What is the identity element of 4

Question

If $*$ is a binary operation taking the greater of two distinct numbers, construct a table for the operation on the set $S=\{1,2,3,4,5\}$. What is the identity element of 4? Is the operation commutative?

Answer 1

Let $S=\{1,2,3,4,5\}$ and let $*$ be a binary operation: $$ a*b:=\max(a,b). $$

The operation $*$ is a binary operation on $S$ trivially, since $\max(a,b)$ is either $a$ or $b$ so $\max(a,b)\in S$ for all $a,b\in S$.

It is commutative since $$ \max(b,a)=\max(a,b) $$ for all $a,b\in S$.

Its Cayley table: \begin{array}{c|ccccc} * & 1 & 2 & 3 & 4 & 5\\ \hline 1 & \color{blue}{1} & \color{blue}{2} & \color{blue}{3} & \color{blue}{4} & \color{blue}{5}\\ 2 & \color{blue}{2} & 2 & 3 & 4 & 5\\ 3 & \color{blue}{3} & 3 & 3 & 4 & 5\\ 4 & \color{blue}{4} & 4 & 4 & 4 & 5\\ 5 & \color{blue}{5} & 5 & 5 & 5 & 5\\ \end{array} is indeed symmetric.

The identity element (unique) exists, it is $1$, left and right identity as highlighted in blue in the table.

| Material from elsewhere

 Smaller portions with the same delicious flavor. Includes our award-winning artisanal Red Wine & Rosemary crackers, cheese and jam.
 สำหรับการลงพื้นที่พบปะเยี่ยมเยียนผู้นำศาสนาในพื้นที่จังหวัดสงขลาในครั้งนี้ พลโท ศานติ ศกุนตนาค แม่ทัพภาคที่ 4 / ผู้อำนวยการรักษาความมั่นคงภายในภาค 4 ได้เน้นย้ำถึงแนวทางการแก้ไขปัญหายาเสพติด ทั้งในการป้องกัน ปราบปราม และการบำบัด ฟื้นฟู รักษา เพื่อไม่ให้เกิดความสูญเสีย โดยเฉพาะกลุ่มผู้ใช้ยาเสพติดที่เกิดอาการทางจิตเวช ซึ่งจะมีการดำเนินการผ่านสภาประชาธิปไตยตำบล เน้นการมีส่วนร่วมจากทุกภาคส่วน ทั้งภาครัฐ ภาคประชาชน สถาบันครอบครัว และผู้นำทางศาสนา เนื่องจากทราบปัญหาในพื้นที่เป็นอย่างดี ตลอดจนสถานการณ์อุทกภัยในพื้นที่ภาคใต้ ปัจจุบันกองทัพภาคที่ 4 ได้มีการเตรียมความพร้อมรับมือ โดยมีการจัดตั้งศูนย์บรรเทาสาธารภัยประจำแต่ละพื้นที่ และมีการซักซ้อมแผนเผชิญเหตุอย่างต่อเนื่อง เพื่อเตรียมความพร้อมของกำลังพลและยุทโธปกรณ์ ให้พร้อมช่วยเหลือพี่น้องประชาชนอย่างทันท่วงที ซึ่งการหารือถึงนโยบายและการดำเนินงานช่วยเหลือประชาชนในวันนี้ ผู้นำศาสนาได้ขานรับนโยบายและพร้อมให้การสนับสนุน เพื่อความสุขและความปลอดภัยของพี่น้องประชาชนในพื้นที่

Finally, $4$ has no left or right inverse, so it has no inverse: the identity $1$ does not appear in the line or column of the table labeled by $4$ and this is consistent with the fact that it does not exists any $x\in A$ such that $$ \max(4,x)=1=\max(x,4). $$

This $(S,*)$ seems to me to be a commutative monoid but not a group (as we said, no inverse for $4$): being finite, of order $5$, cancellation holds if and only if division holds and indeed none of the two holds here. We see also this properties on the table since some elements are missing in some lines (columns) and, consequently, some are repeated.

Uh, I said monoid but I actually didn't mention associativity...can you prove that the operation is associative too?